Эверн следил за «операцией» с момента передачи артефакта в Корре. Были моменты, когда хотелось выйти и насовать темному придурку за воротник. Даже при всем том, что Эверн про него прочел, вызывающее поведение было за гранью. Как вообще ему могли что-то поручить? Однако, как ни странно, подобное презрение к краям и условностям импонировало. Те, кто выполняет задания конгрегации, тоже, считай, на поводке.
Молоденькая, взрывная, как огонь, ведьма казалась рядом с поехавшим темным оплотом надежности, благоразумия и хладнокровия.
Подобраться настолько близко, чтобы умыкнуть артефакт, не получалось. Эверн понять никак не мог, где именно его прячут и кто именно. Энергетически эти двое создавали такой бедлам, что вычленить что-то конкретное не было никакой возможности.
Контакт на дороге увенчался успехом лишь частично. Рыжая ведьма держалась молодцом, темный… Как всегда. Совместное закапывание трупов и обсуждение девчонок повеселило, однако где и у кого артефакт, он так и не выяснил.

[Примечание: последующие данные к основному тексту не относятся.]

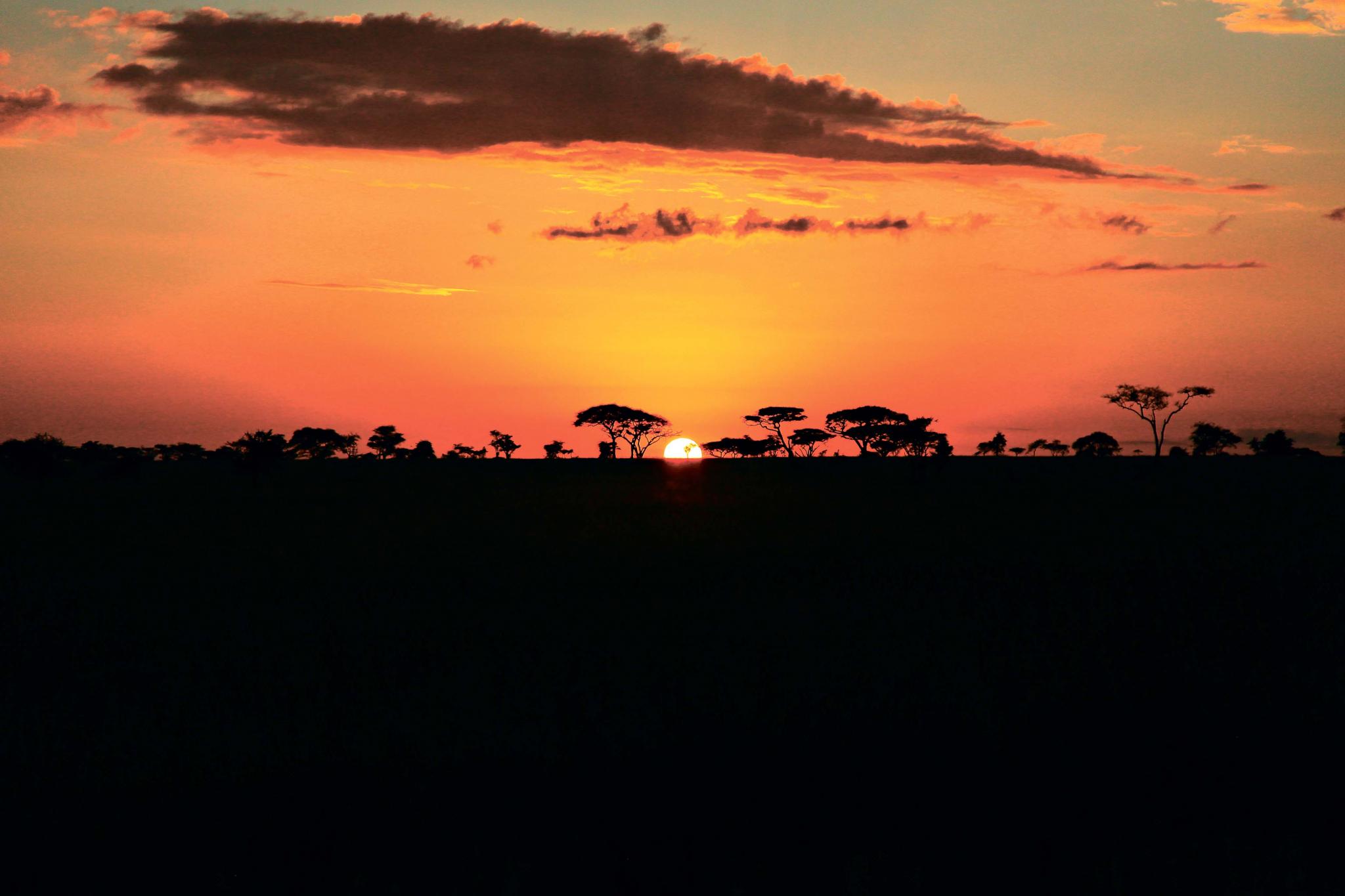 Проснувшись затемно, мы отправились встречать рассвет в саванне… Когда солнце неспешно поднялось из-за горизонта, нас уже ждал завтрак от «шефа»: свежеиспеченные блины, жареные в кляре бананы и кофе. Кстати, танзанийцы очень удивились, когда узнали, что блины – это русское национальное блюдо.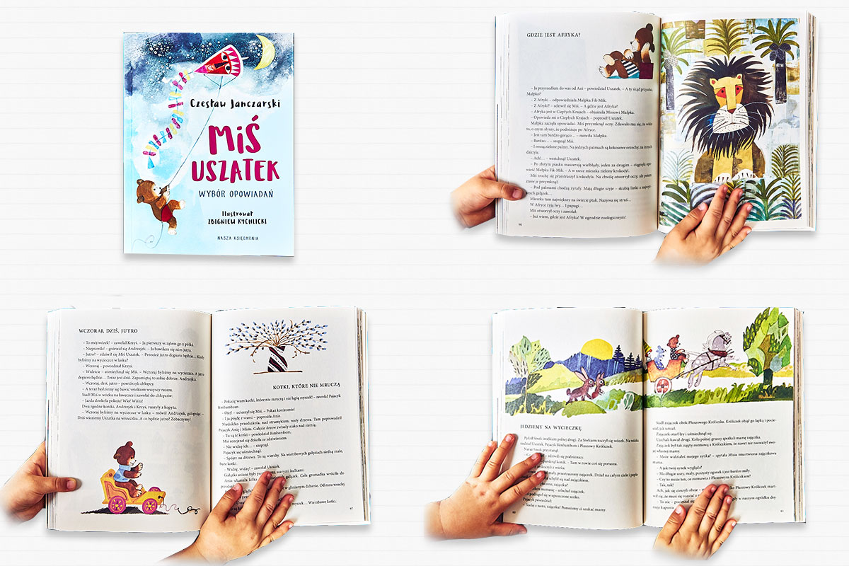 Uszatek w 2017 roku obchodzi 60 urodziny. Z tej okazji Nasza Księgarnia proponuje nam specjalne wydanie przygód mądrego misia, zawierające zabawne i wzruszające opowiadania z przepięknymi kolorowymi ilustracjami Zbigniewa Rychlickiego, laureata prestiżowej międzynarodowej nagrody – Złotego Medalu im. H.Ch. Andersena.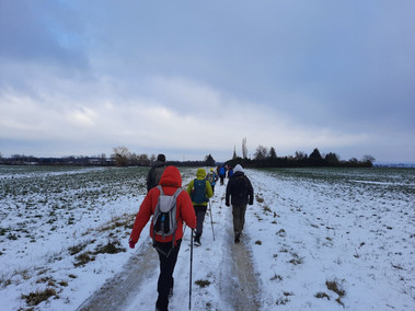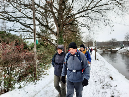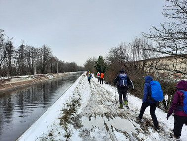 Notre Marco nous attendait bon pied bon œil chez lui à la Verveine du Forez, malgré la température de saison, un sol blanchi et un ciel bas. C'est un groupe motivé, digne d'une journée de la rando/galette qui part de Bonson. Après la mise en jambes, nous longeons le canal du Forez et traversons la passerelle qui enjambe le bonson, puis arrivés à Chavas, nous enchaînons par la traversée de Grillet et ensuite prenons le chemin de l' Hospitalet. Nous voici partis pour la descente dans le vallon pour arriver à la voie verte (ancienne voie de chemin de fer qui reliait Senbabel à Bonson). Cette voie verte nous conduit aux Plantées à Saint-Marcellin,et nous arrivons quelque peu frigorifiés au chemin des lièvres à Bonson, fin de notre boucle de 15 km.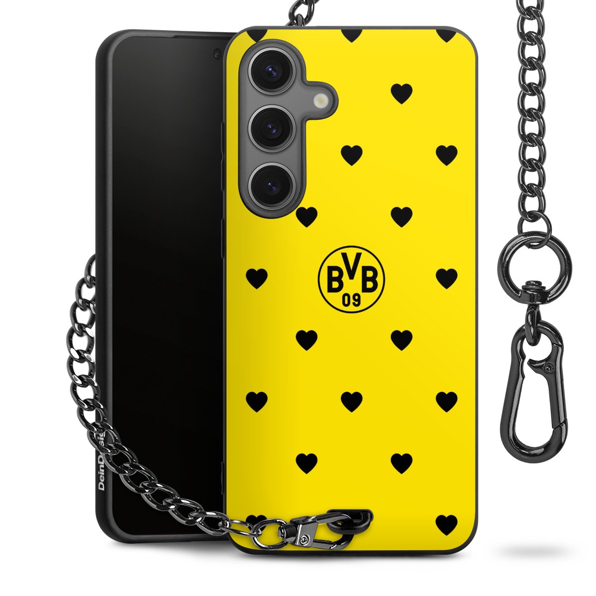 Die mattschwarze Silikon-Handyhülle besteht aus robustem TPU (thermoplastisches Polyurethan). Sie ist flexibel und schützt Dein Smartphone vor Stößen und Kratzern. Die Kette sowie der Karabinerhaken sind aus Metall in Gunmetal-Optik gefertigt. Für dieses Produkt kommen ausschließlich TÜV-geprüfte Materialien zum Einsatz.
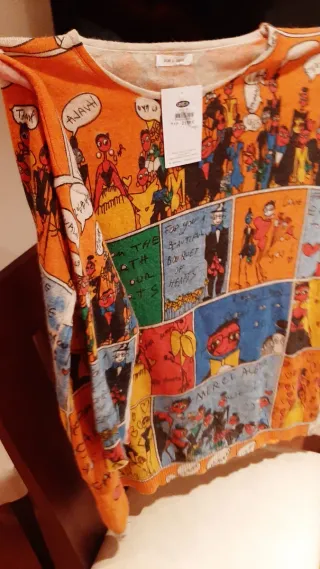 Vestido de punto con estampado de cómic y silueta oversize. Presenta un diseño vibrante y llamativo. - Estampado de cómic. - Corte oversize. - Cuello redondo.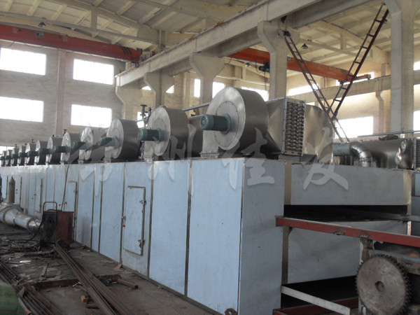 物料由加料器均勻地鋪在網(wǎng)帶上,網(wǎng)帶一般采用12-60目不銹鋼絲網(wǎng),由傳動裝置拖動在干燥機內(nèi)移動。干燥機由若干單元組成,每一單元熱風獨立循環(huán),部分尾氣由專門濕風機排出,廢氣由調(diào)節(jié)閥控制,熱氣由下往上或由上往下穿過鋪滿物料的網(wǎng)帶完成熱量與質(zhì)量傳遞的進程,帶走物料的水份。網(wǎng)帶緩慢移動,運行速度可根據(jù)物料溫度自動調(diào)節(jié),干燥后的成品連續(xù)落入收料器中。上下循環(huán)單元根據(jù)用戶需要可靈活配備,單元數(shù)量亦可根據(jù)需要選取。
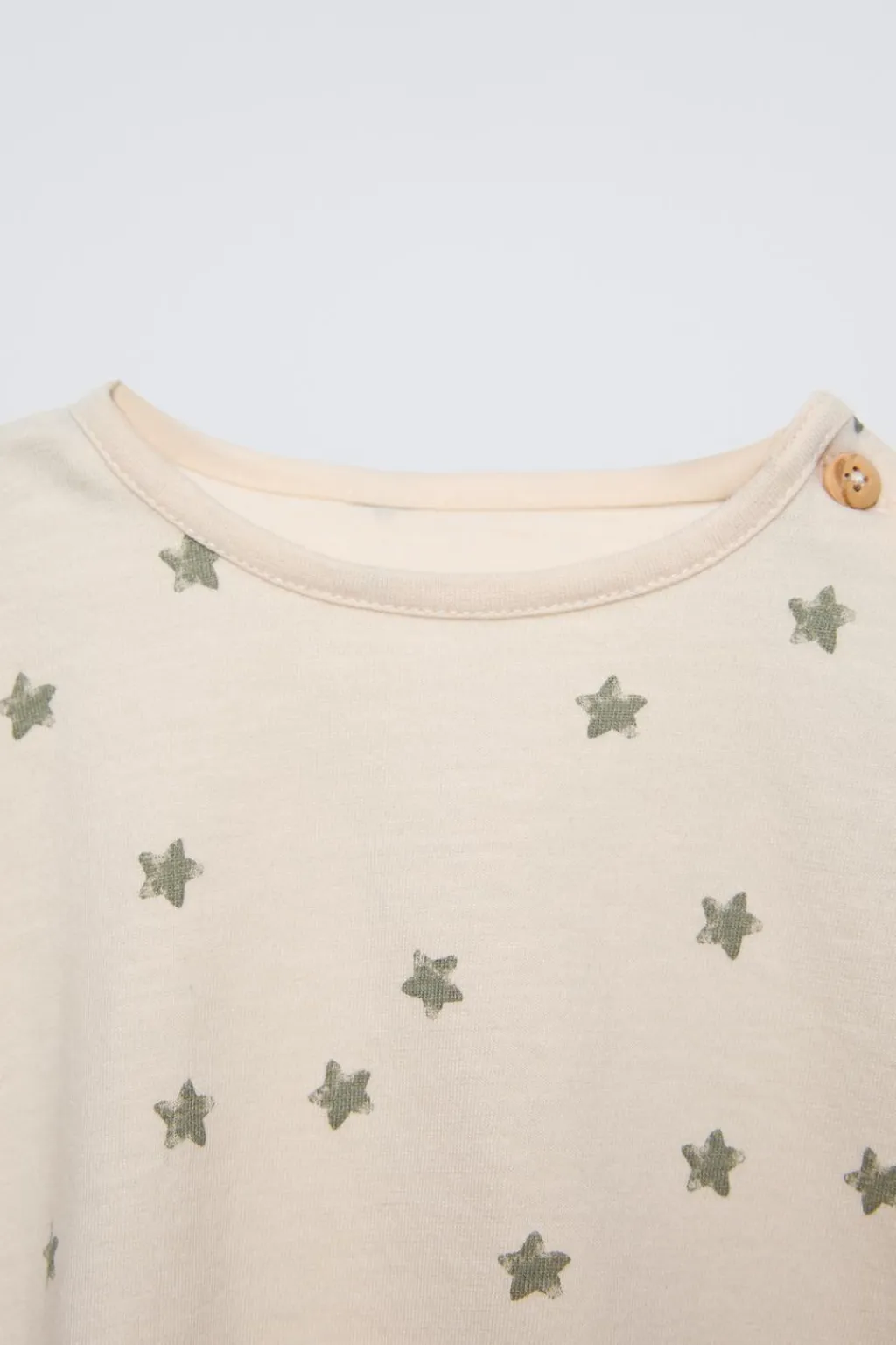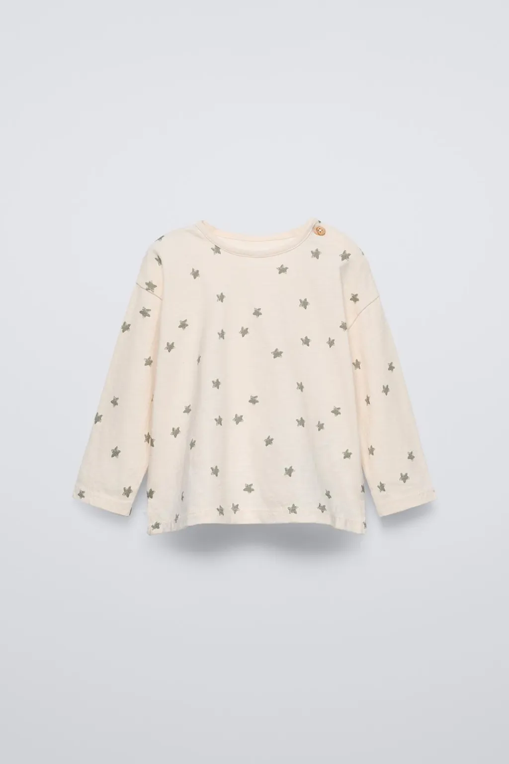 Camiseta con cuello redondo y manga larga. Cierre botón en hombro.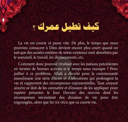 Il existe de nombreux actes pieux qui l’aident à prolonger son existence, en tenant compte de la divergence des savants quant à la signification de cette prolongation. Certains affirment qu’elle s’illustre dans la bénédiction au moment où d’autres pensent qu’elle est concrète...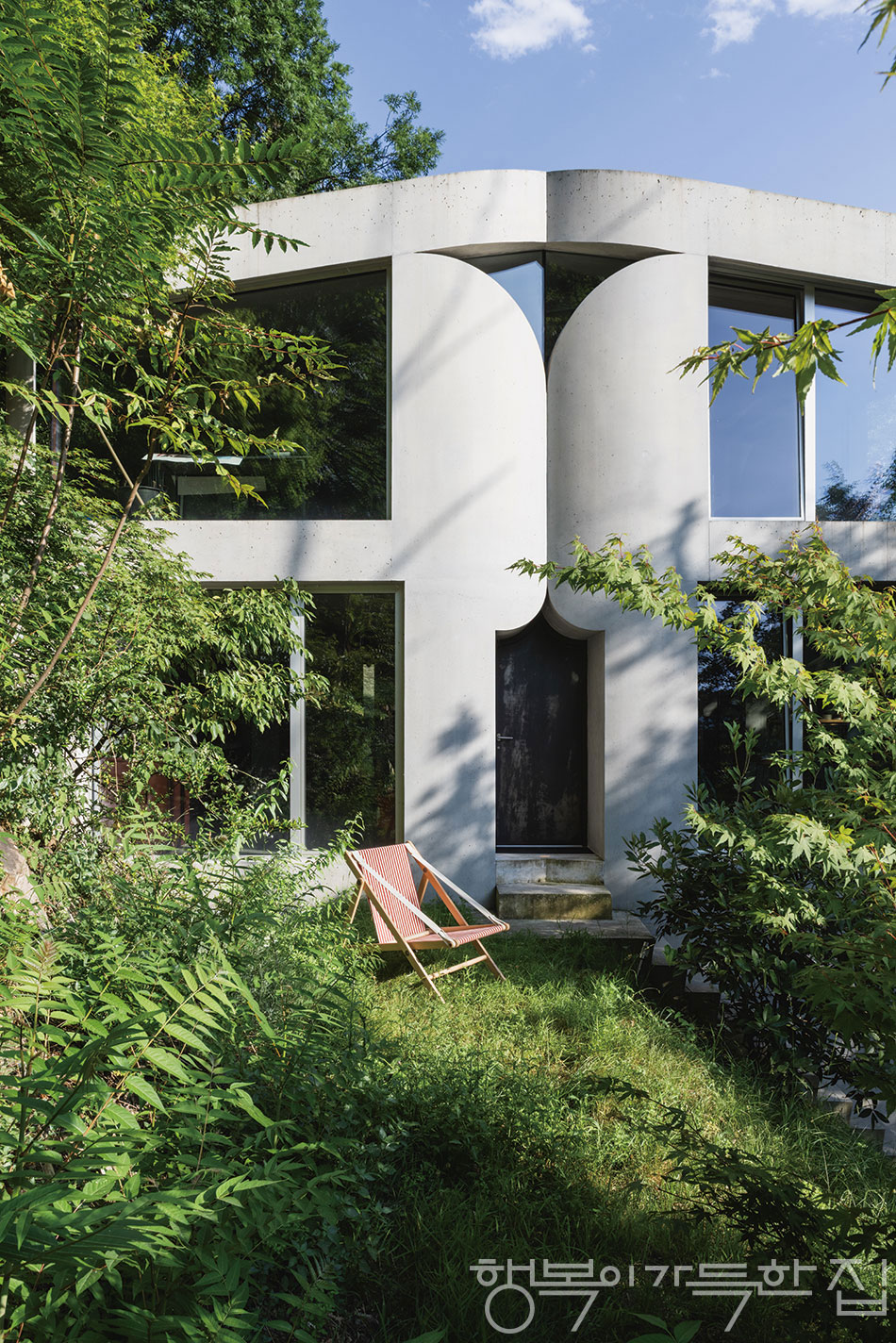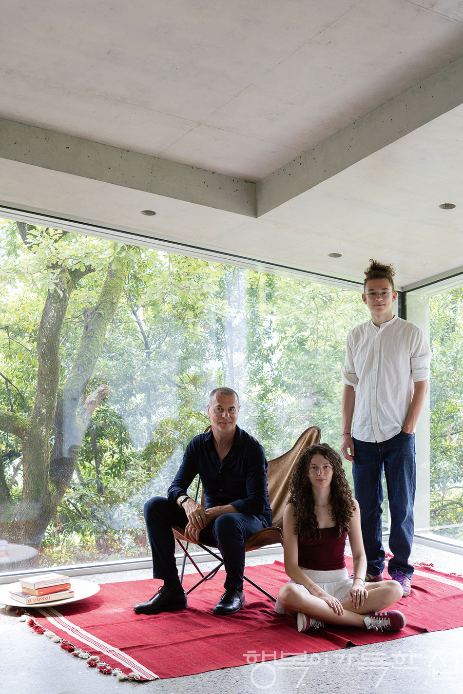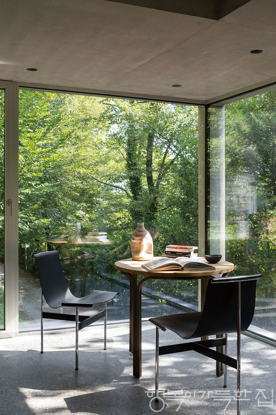 유리창 너머로는 계절에 따라 표정을 바꾸는 숲이 펼쳐진다. 봄에는 연둣빛 잎이 창을 가득 채우고, 여름에는 짙은 녹음이 집 주변을 감싼다. 가을이 되면 나뭇잎이 붉거나 황금빛으로 물들며 풍경의 색을 바꾸고, 겨울에는 잎이 떨어진 나무의 실루엣만 남아 건축 형태와 더욱 또렷하게 겹쳐진다. “건축은 단번에 시선을 사로잡는 대상이기보다 시간이 흐르면서 점점 더 많은 것을 보여주는 존재여야 합니다. 오래 바라볼수록 새로운 표정이 드러나는 풍경 같은 건축을 만들고 싶었습니다.” 이 집에서 건축은 자연을 지배하려 하지 않는다. 숲과 바위 사이에 조용히 머물며 그 풍경과 시간을 함께 견딘다.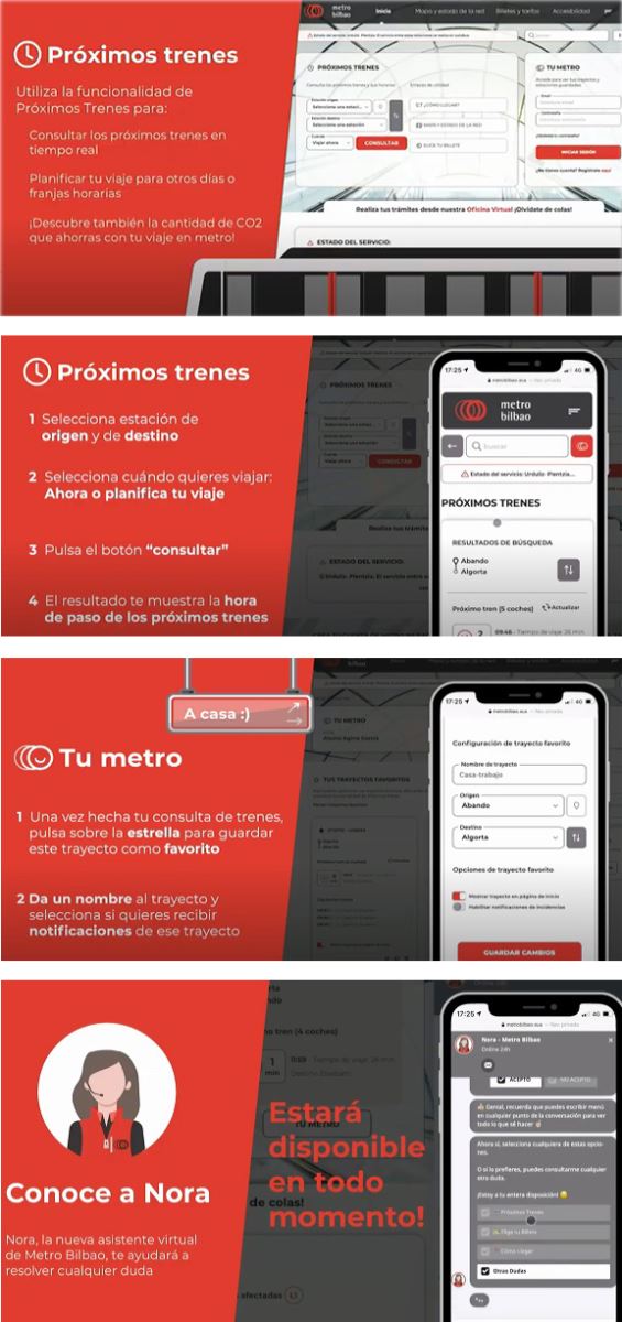 Metrobilbao ha presentado su página web con nuevas funcionalidades, especialmente diseñadas para su uso en dispositivos móviles, que permite conocer en tiempo real el horario del paso de los trenes por las estaciones y las posibles incidencias en el servicio
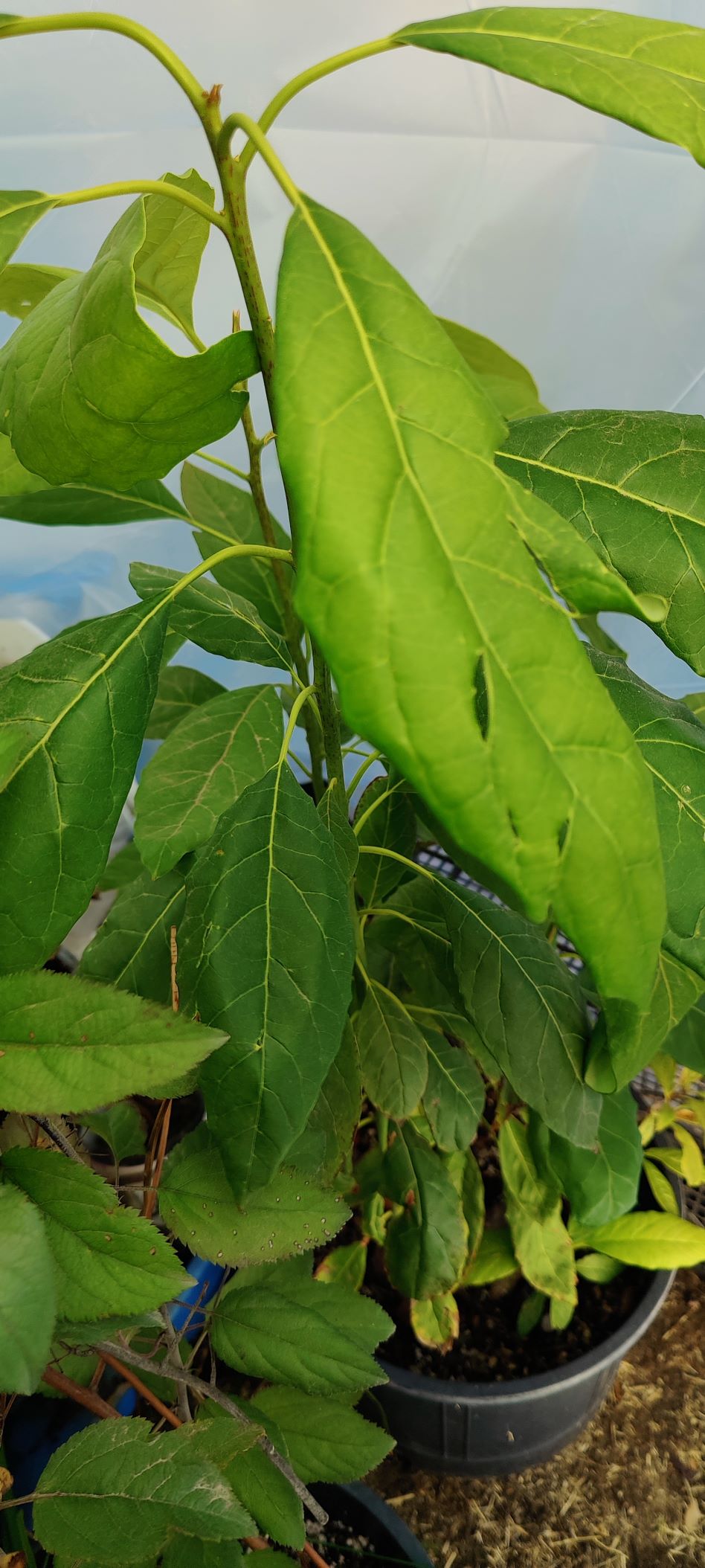 I bet Haas from Traded Joe’s, since that person shops there quite often. Well I guess I have 3 Haas seedlings to join the party. I feel like they’ll do excellent in the greenhouses here since the coldest reading I get is 37. My main source of heat are huge rain barrels, though I also have a biogreen 2800 watt, 220V heater that kicks on if temps flirt with freezing. That only happens when we drop below 25, which is fairly rare, maybe 5 nights each winter. So far there is no need for any artificial light despite the interminable cloudy conditions from November until March. All the avocados seem quite happy.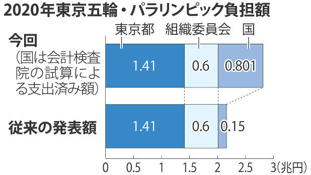 大きく上回った。検査院は30年度以降も多額の支出が見込まれるとしており、大会組織委員会と東京都が見込む

Эверн не мог не выполнять задание ана и выполнял на совесть, не теряя надежды, что случай испортить старейшине праздник все же представится. Зря он, что ли, в Нункоре в храм бегал, чтобы попросить милости у Изначальной? На выходе его едва не сшиб полоумный рыжий эльф. Одно дело, что светлый полез в храм Тьмы, другое, что во время столкновения остроухий выцвел взглядом, будто мертвеца увидел, а потом и вовсе полную чушь сказал: «В шиповнике полно корней, но под ноги лучше не смотреть». Предсказатель, тлен ему в сад.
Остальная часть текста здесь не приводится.